Has Jazzz nicked your log in


----------



## 8ball (May 19, 2014)

What you want is triple-agents - at least that way you can start off with them inside your organisation.


----------



## free spirit (May 19, 2014)

SpookyFrank said:


> It's not a long term strategy I'll give you that, but before outing Kennedy he could have been fed some choice misinformation.


it's odd that nobody thought of that at the time...


----------



## Pickman's model (May 19, 2014)

phildwyer said:


> Sorry, but I can't make any sense of this.  Anyone else fancy having a go?

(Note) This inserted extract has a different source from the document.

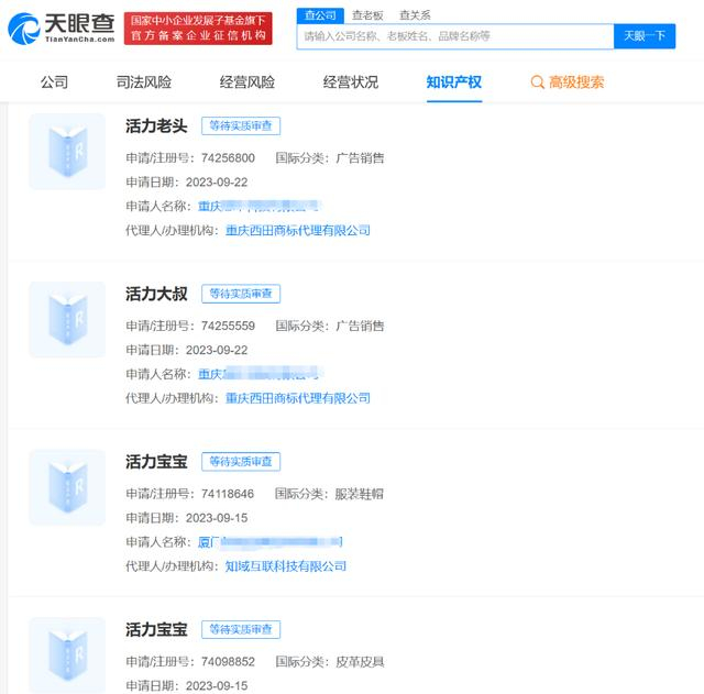 成都意中洗涤用品有限公司成立于2018年3月,法定代表人为何品波,注册资本100万人民币,由3位自然人股东持股。据媒体报道,该公司为“活力28衣物清洁旗舰店”的运营公司,不久前,三位“老头”为“活力28”直播带货走红,被网友称为“活力大叔”“活力老头”。天眼查显示,除上述公司外,近期还有公司或个人申请“活力大叔”“活力老头”“活力宝宝”商标,国际分类包括广告销售、服装鞋帽等,当前商标状态均为等待实质审查。

that's because you're stupid. 

it's simple enough for anyone else to understand, but not it seems for a snivelling failure like your good self. you make out there's a couple of sides, but the situation's more complex than that as per my examples in previous post you can't get your wanker head about.


----------



## existentialist (May 19, 2014)

phildwyer said:


> This is what I don't understand.
> 
> What's so difficult about saying: "Look Mate, you're busted, and we know where your kids go to school.  But as long as you tell Ronald McDonald that the protest is next Thursday instead of Friday, we'll pretend nothing ever happened."
> 
> Well of course I know what's difficult about it--you have to be a complete bastard to say it.  But it's not _practically _difficult is it?


Well, there's a few minor problems.

First of all, your agent goes back to his principals and says "these people are threatening my family", and his principals, if they have any interest in their spy continuing to operate as such, take the necessary steps and instruct him to say "Dunno what you're on about, guv"; either that or they decide that their man is blown and pull him out.

And you need resources. Lots of resources. Years ago, I used to work for a firm that did a little work for a firm that did a little work for a firm, etc., that did interesting things with surveillance and so on: if I learned anything (given that I wasn't anywhere NEAR the interesting stuff), it's that with anything covert, you basically start off by multiply the manpower by 9 - case handlers, liaison, communications, all that stuff. All this stuff of James Bond wandering off on his own is fairy story stuff. And, while I don't imagine police spies are particularly concerning themselves about co-ordinated anti-espionage stuff, it's going to be built into the system with all kinds of safety mechanisms. 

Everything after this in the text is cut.